Hello guys,
I’ve trained BERT model from the scratch using BertForMaskedLM and trainers. When I use AutoModelForSequenceClassification to fine-tune my model for a text classification task, I get a warrning about weights initialization. Is it normal to get a warning such as in the below or am I doing something wrong ?
Some weights of the model checkpoint at ./cased/bert-wikidump-50mb-mlm/model were not used when initializing BertForSequenceClassification: ['cls.predictions.bias', 'cls.predictions.transform.dense.weight', 'cls.predictions.transform.dense.bias', 'cls.predictions.transform.LayerNorm.weight', 'cls.predictions.transform.LayerNorm.bias', 'cls.predictions.decoder.weight', 'cls.predictions.decoder.bias']
- This IS expected if you are initializing BertForSequenceClassification from the checkpoint of a model trained on another task or with another architecture (e.g. initializing a BertForSequenceClassification model from a BertForPreTraining model).
- This IS NOT expected if you are initializing BertForSequenceClassification from the checkpoint of a model that you expect to be exactly identical (initializing a BertForSequenceClassification model from a BertForSequenceClassification model).

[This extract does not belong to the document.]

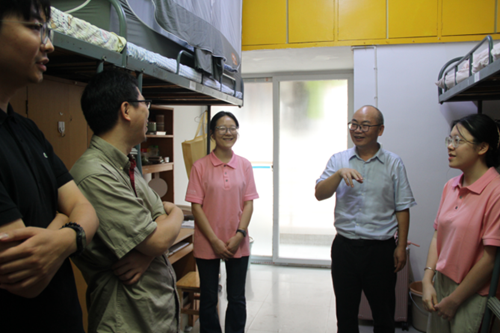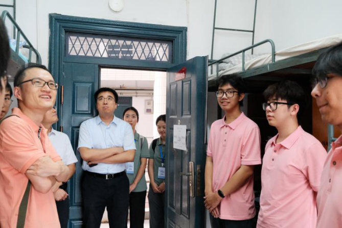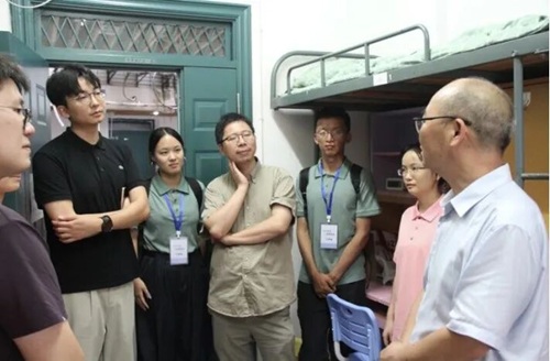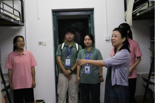 园生活,营造安全、和谐、温馨的寝室氛围,9月10日傍晚,党委书记李劲松、院党委副书记兼纪委书记胡琼、副院长蒋海松、副院长王文胜、院长助理展鹏贺,2025级班主任林慰曾、张晓勇、袁崇霖、郑德群、林婧,以及2025级本科辅导员张丹深入新生寝室,开展查寝慰问工作。

Some weights of BertForSequenceClassification were not initialized from the model checkpoint at ./cased/bert-wikidump-50mb-mlm/model and are newly initialized: ['bert.pooler.dense.weight', 'bert.pooler.dense.bias', 'classifier.weight', 'classifier.bias']

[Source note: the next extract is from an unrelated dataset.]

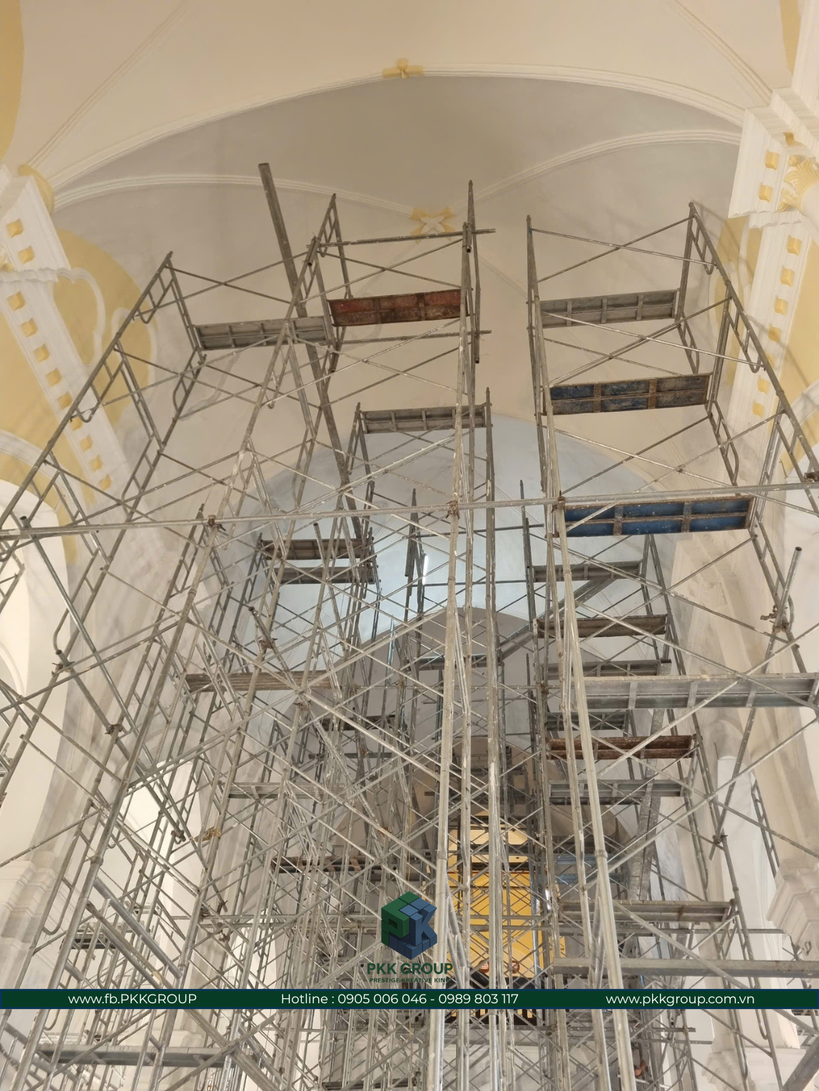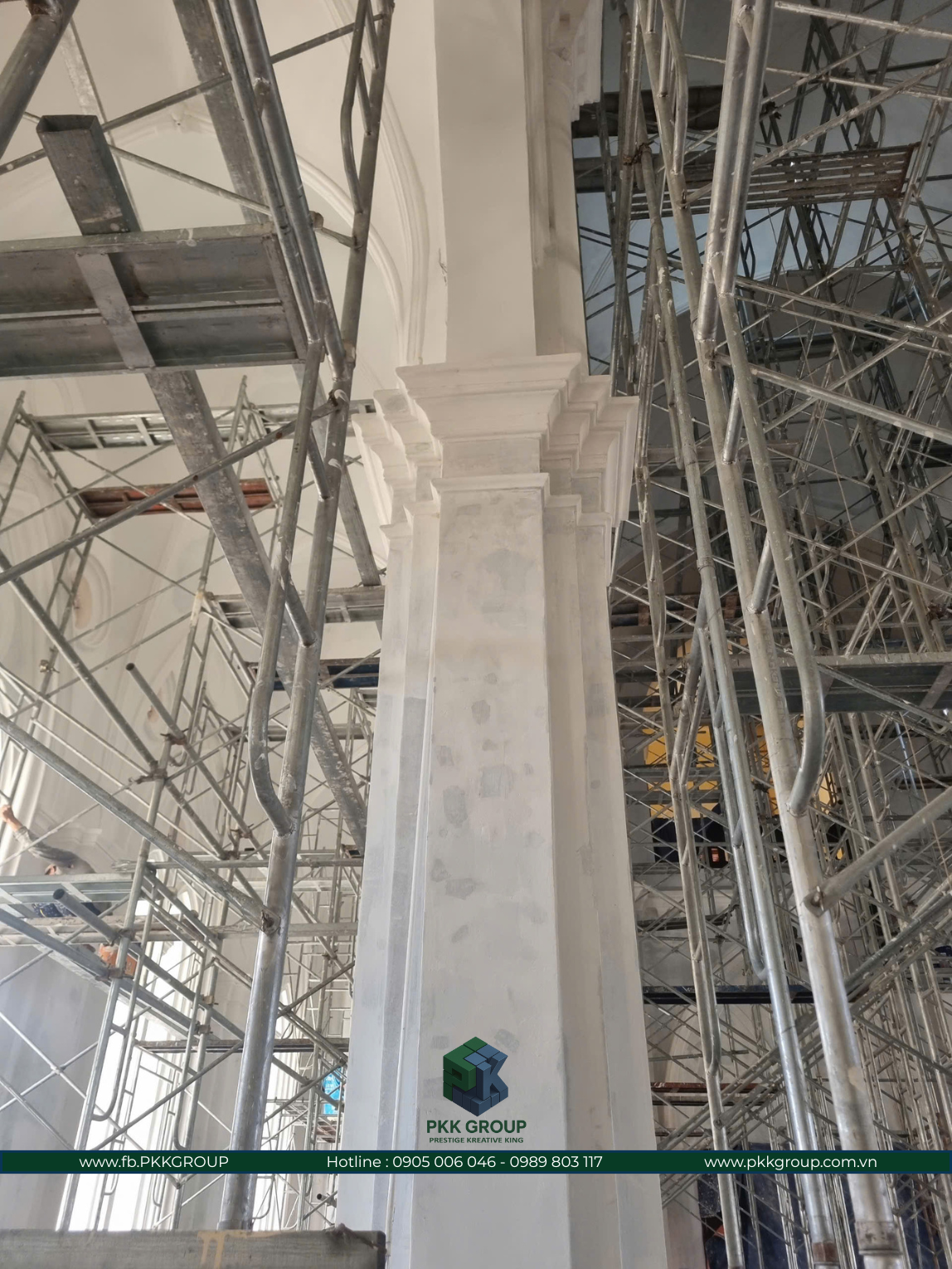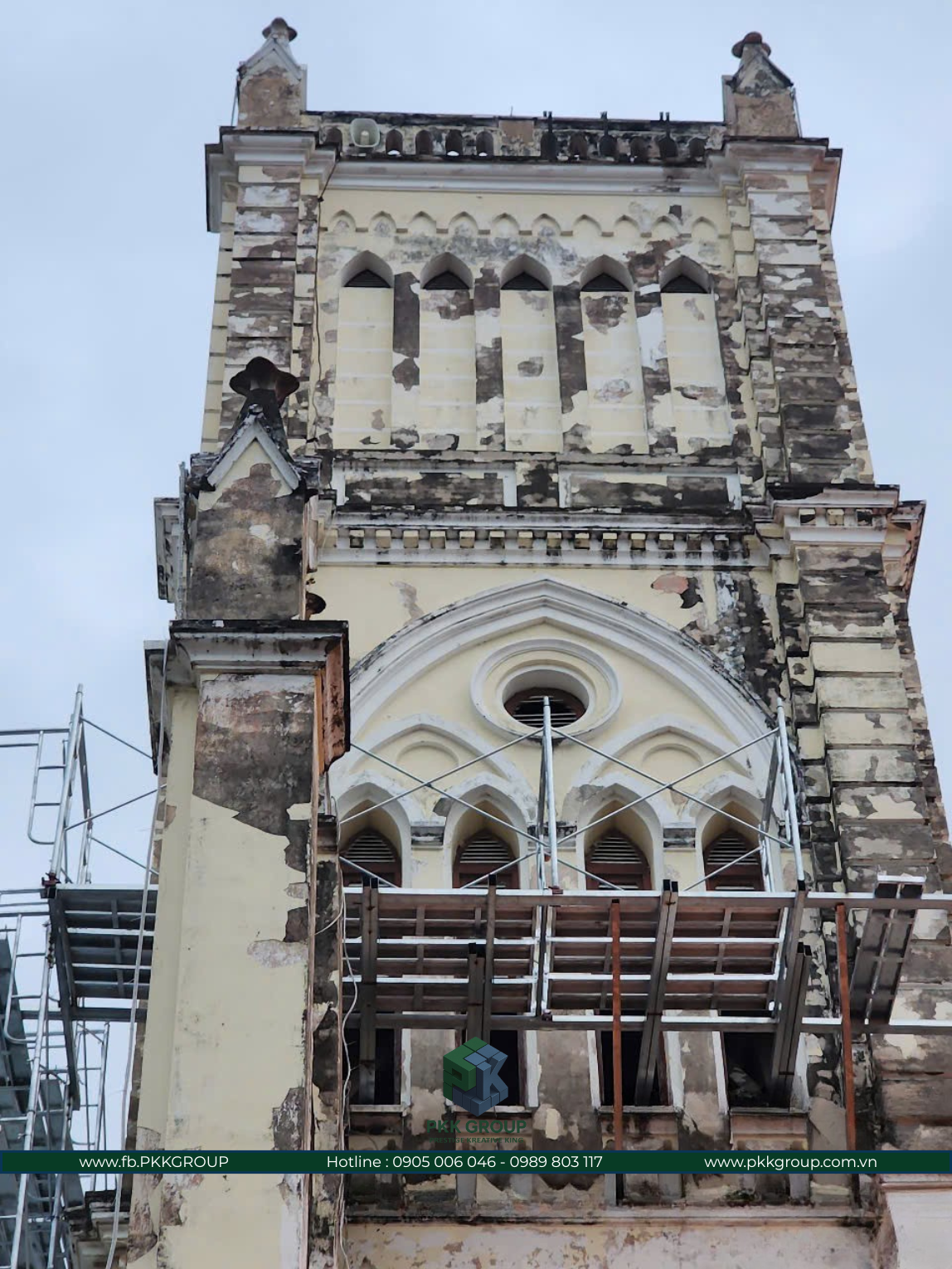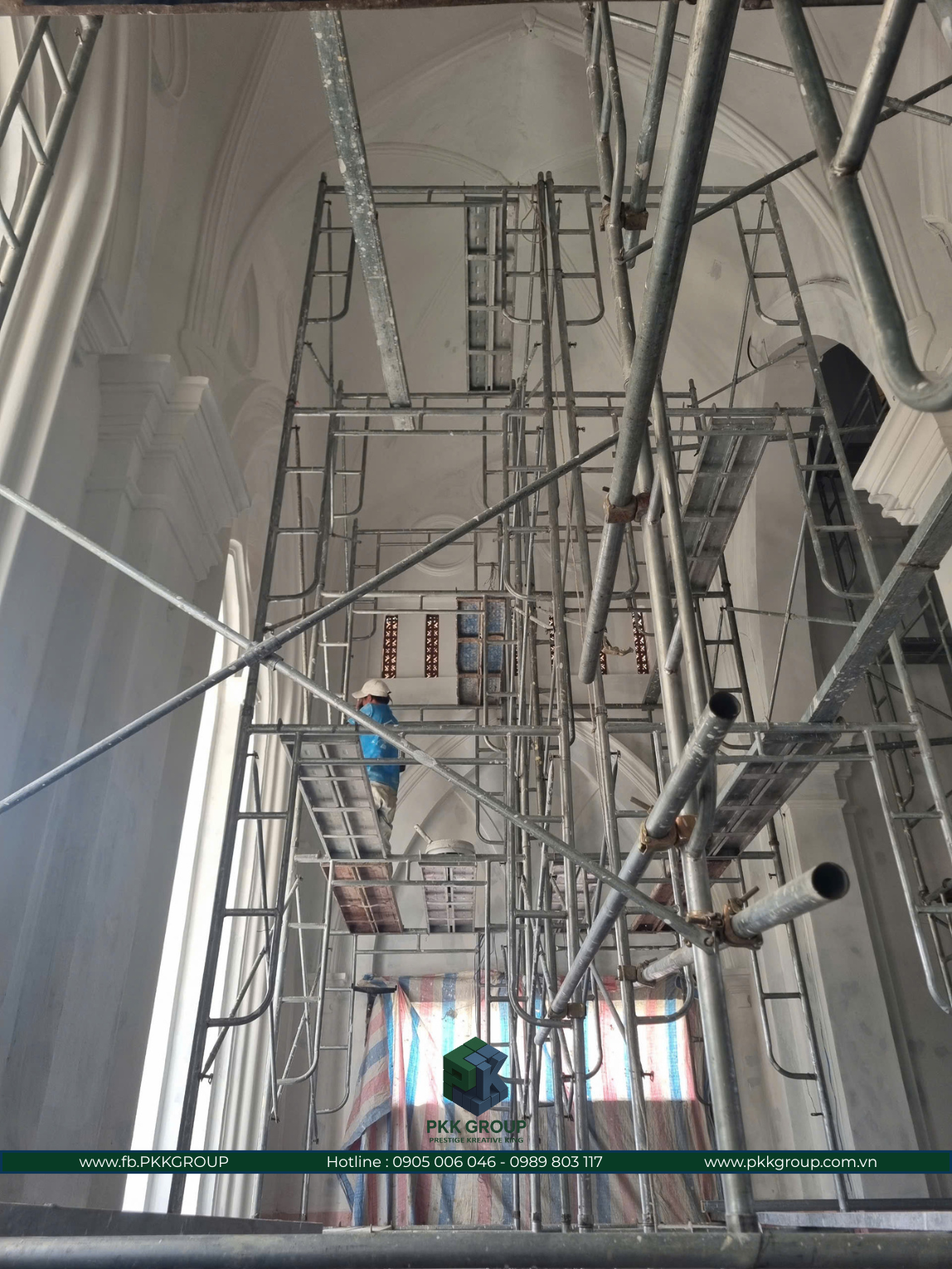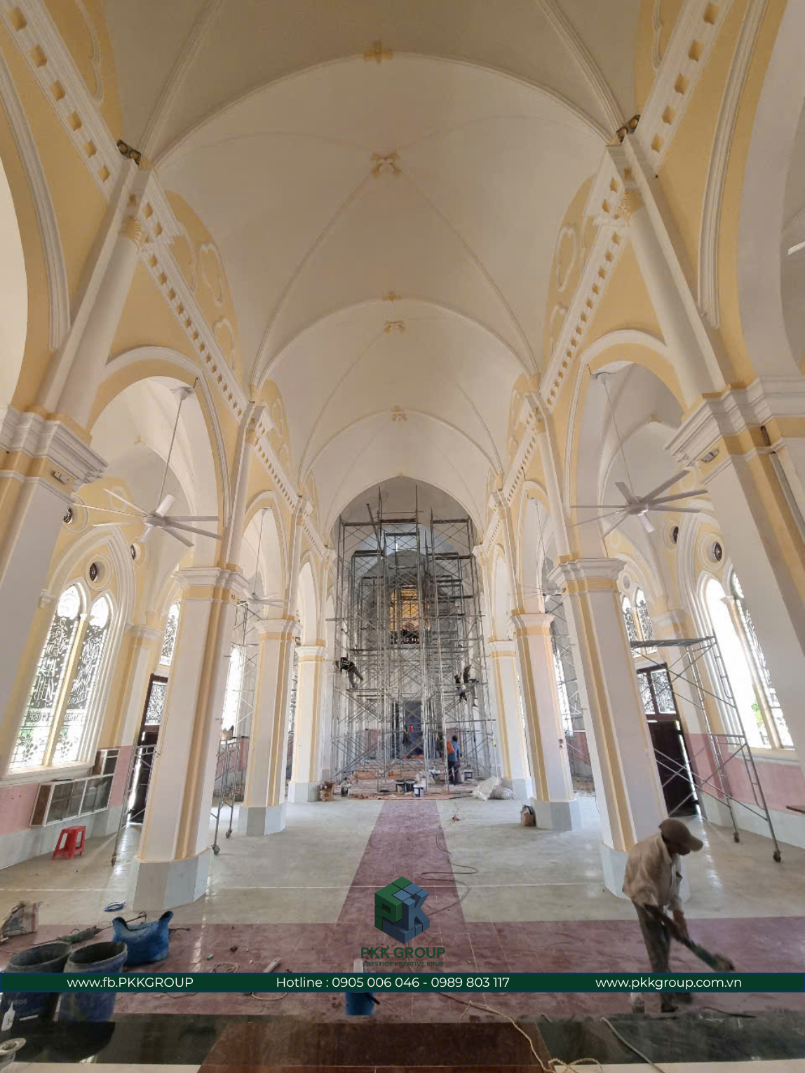 Sau giai đoạn đầu khảo sát hiện trạng và xử lý bề mặt, đội ngũ PKK Group tiếp tục triển khai các hạng mục cải tạo bên trong Nhà thờ Tấn Tài – một công trình mang giá trị tinh thần và dấu ấn kiến trúc Gothic đặc trưng của Phan Rang.

Loading pre-trained model with AutoModelForSequenceClassification
from transformers import AutoModelForSequenceClassification, AdamW, AutoConfig
config = AutoConfig.from_pretrained(PATHS["model"]["cased"]["local"], num_labels=df.category.unique().size)

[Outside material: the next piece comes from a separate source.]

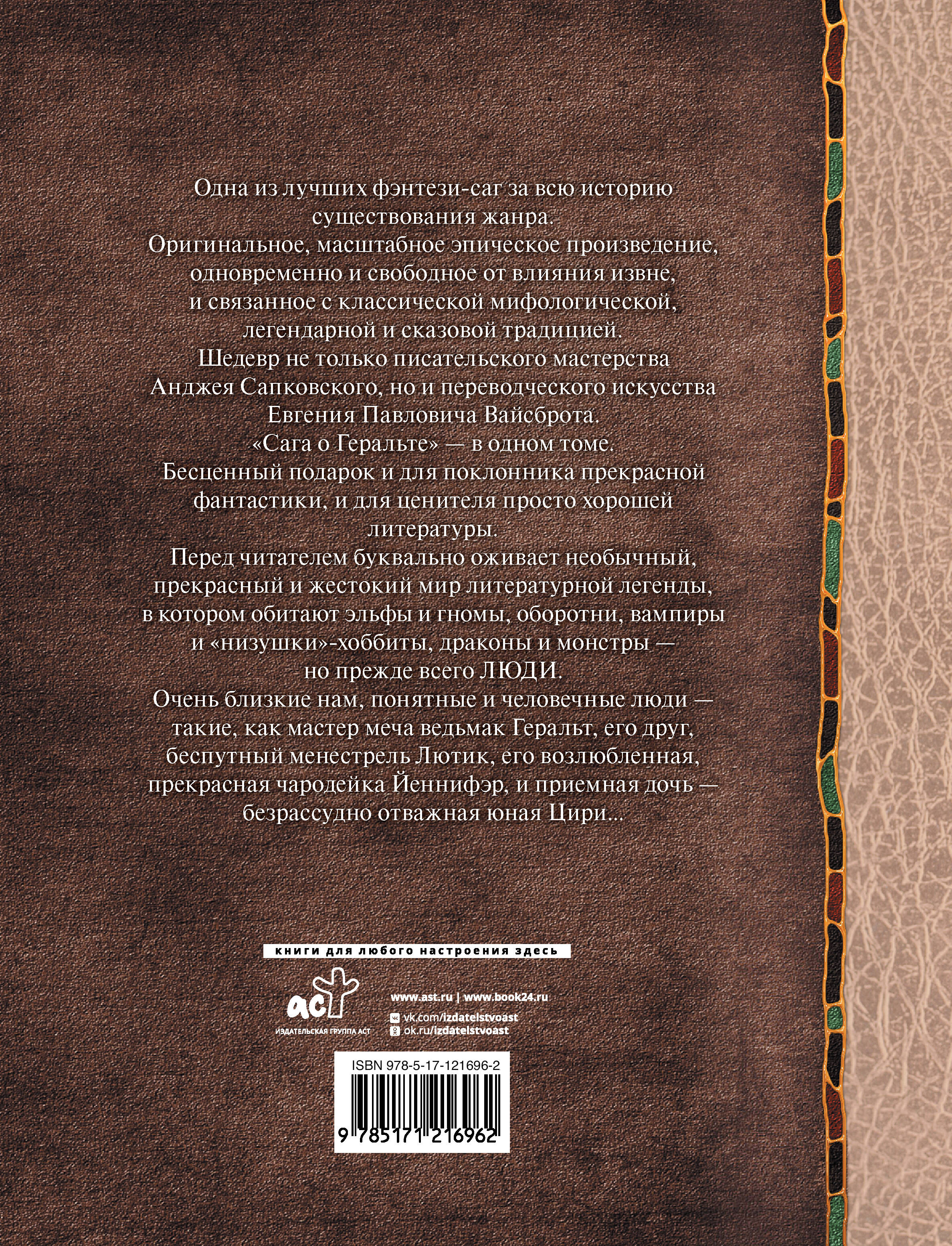 Одна из лучших фэнтези-саг за всю историю существования жанра. Оригинальное, масштабное эпическое произведение, одновременно и свободное от влияния извне, и связанное с классической мифологической, легендарной и сказовой традицией. Шедевр не только писательского мастерства Анджея Сапковского, но и переводческого искусства Евгения Павловича Вайсброта. "Сага о Геральте" - в одном томе. Бесценный подарок и для поклонника прекрасной фантастики, и для ценителя просто хорошей литературы. Перед читателем буквально оживает необычный, прекрасный и жестокий мир литературной легенды, в котором обитают эльфы и гномы, оборотни, вампиры и "низушки"-хоббиты, драконы и монстры, - но прежде всего ЛЮДИ. Очень близкие нам, понятные и человечные люди - такие как мастер меча ведьмак Геральт, его друг, беспутный менестрель Лютик, его возлюбленная, прекрасная чародейка Йеннифэр, и приемная дочь - безрассудно отважная юная Цири…| Издательство | ИЗДАТЕЛЬСТВО "АСТ" |

model = AutoModelForSequenceClassification.from_pretrained(PATHS["model"]["cased"]["local"], config=config)
Code for training BERT from scratch with only MLM task
from transformers import BertConfig
config = BertConfig(vocab_size=64_000)
from transformers import BertForMaskedLM
model = BertForMaskedLM(config=config)
from transformers import Trainer, TrainingArguments
from transformers import DataCollatorForLanguageModeling
data_collator = DataCollatorForLanguageModeling(
tokenizer=bert_cased_tokenizer, mlm=True, mlm_probability=0.15
)
training_args = TrainingArguments(
output_dir=PATHS["model"]["cased"]["training"]["local"],
overwrite_output_dir=True,
num_train_epochs=2,
per_gpu_train_batch_size= 8, ## 512 max sequence lenght, 64 sequence count
save_steps=10_000,
save_total_limit=2,
prediction_loss_only=True,
)
trainer = Trainer(
model=model,
args=training_args,
data_collator=data_collator,
train_dataset=dataset,
)